This preprocessing step removes unnecessary whitespace and empty lines, preparing the extracted text for further analysis.

While impressive, testing with sample CV revealed significant limitations; for example, some CV created with TikZ, a LaTeX package for producing graphics, yielded no results, and in other cases, certain sections were not processed correctly. This identifies clear opportunities for improvement and the potential need to explore alternative solutions.²

It is worth noting that many recently released Applicant Tracking Systems (ATS) likely rely on this very library for CV parsing. This raises concerns about the number of candidates whose CVs may be discarded simply due to parsing errors, rather than their actual qualifications. It highlights the importance of more transparent recruitment processes and the continued involvement of humans in the loop.

Worth a shot?

With the CV content now available in markdown format, the next step was to decide how best to extract structured information from it. Developers mentioned above had already warned about the difficulties of using LLMs to reliably parse and interpret CV data, highlighting the challenges that lay ahead.

So I took a shot and quickly made a script that, given the extracted text, attempted to feed the information into an LLM using JSON tooling based on a series of Pydantic objects. While some examples worked perfectly, it was striking how unreliable the process was overall. Even after implementing a chunking strategy to break down the input, the LLM frequently failed to produce the expected structured output. This outcome aligns with what some experienced developers in the CV parsing space have pointed out: using LLMs for this task is largely an unviable path.

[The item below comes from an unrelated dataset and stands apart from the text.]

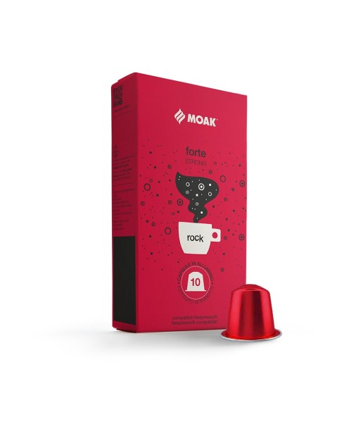 CÁPSULAS MOAK STRONG ROCK COMPATÍVEIS NESPRESSO ¶¶Já ouviu um café? Cinco blends, todos diferentes, cada um combinado com um género musical, com personalidade forte, delicada ou perfumada. ¶Porque o café, tal como a música, para ser um verdadeiro prazer, deve corresponder às notas da alma.¶Escolha o que mais se aproxima do seu gosto!¶¶Excelentes matérias-primas e processo de produção controlado.¶Sentimos fortemente a responsabilidade de reduzir o impacto ambiental.¶Assumimos um compromisso com a natureza.¶Desde o cuidado com que selecionamos os melhores cafés cultivados respeitando o trabalho do homem e do meio ambiente, até o uso de energia 100% de fontes renováveis em todas as nossas atividades.¶¶EU SOU ROCK!¶Arrojada intensidade aromática realçada por uma extraordinária cremosidade. ¶Ideal para quem gosta de um café forte e encorpado. ¶Mistura densa com notas de chocolate preto e amêndoas torradas. ¶Intensidade 5¶Material cápsulas: Alumínio¶As cápsulas são compatíveis com as máquinas Nespresso®*¶*Nespresso® não é uma marca registrada de propriedade do Caffè Moak Spa ou de empresas a ele ligadas e/ou controladas por ele e é usada aqui apenas para fins descritivos.¶¶Origem¶Brasil, Honduras, Congo, Rwanda, Indonesia, Uganda, Vietnam¶¶Compatibilidade¶Citiz, Essenza, Lattissima, Maestria, Pixie, U

Therefore, after all the experimentation, it turned out that the tried-and-true approach of using regular expressions and rule-based parsing was the most effective. It’s remarkable that despite all the advances in technology, a production-grade, years-old process still delivers the most reliable results for CV parsing.

Solution

I must say that the trickiest part was extracting structured information from the CV using rule based parsing. Once that was accomplished, the rest came naturally. I implemented a process that split the parsed content into individual entries, each representing a distinct aspect of the candidate’s experience and skills. These chunks were embedded using sentence transformers and stored in a vector database Qdrant as part of the knowledge base. This chunk-level insertion enabled the system to retrieve and analyze specific parts of a CV, allowing for more focused and personalized career recommendations based on targeted aspects of professional development.

Concluding Remarks

While we still have a lot to cover regarding this project, it is worth highlighting key challenges and findings from the development and testing of CV parsing approaches:

Document information extraction:
- There is still a gap in standalone PDF processing libraries for production use, especially when:
  - Structured output (such as markdown) is needed for downstream processing.
  - Handling complex or nonstandard CV formats.
CV processing:
- Using LLMs to generate JSON structured output was unreliable; in some cases, the model failed to respond or produced no results.
- LLMs only produced the desired output when given very short, well defined sections to process.
- Rule based parsing with regular expressions proved more reliable than LLM approaches for structured data extraction.
- Custom document parsing logic remains necessary to reliably extract and structure CV data for analysis.
- Further benchmarking and testing are required to identify robust solutions for CV parsing and processing.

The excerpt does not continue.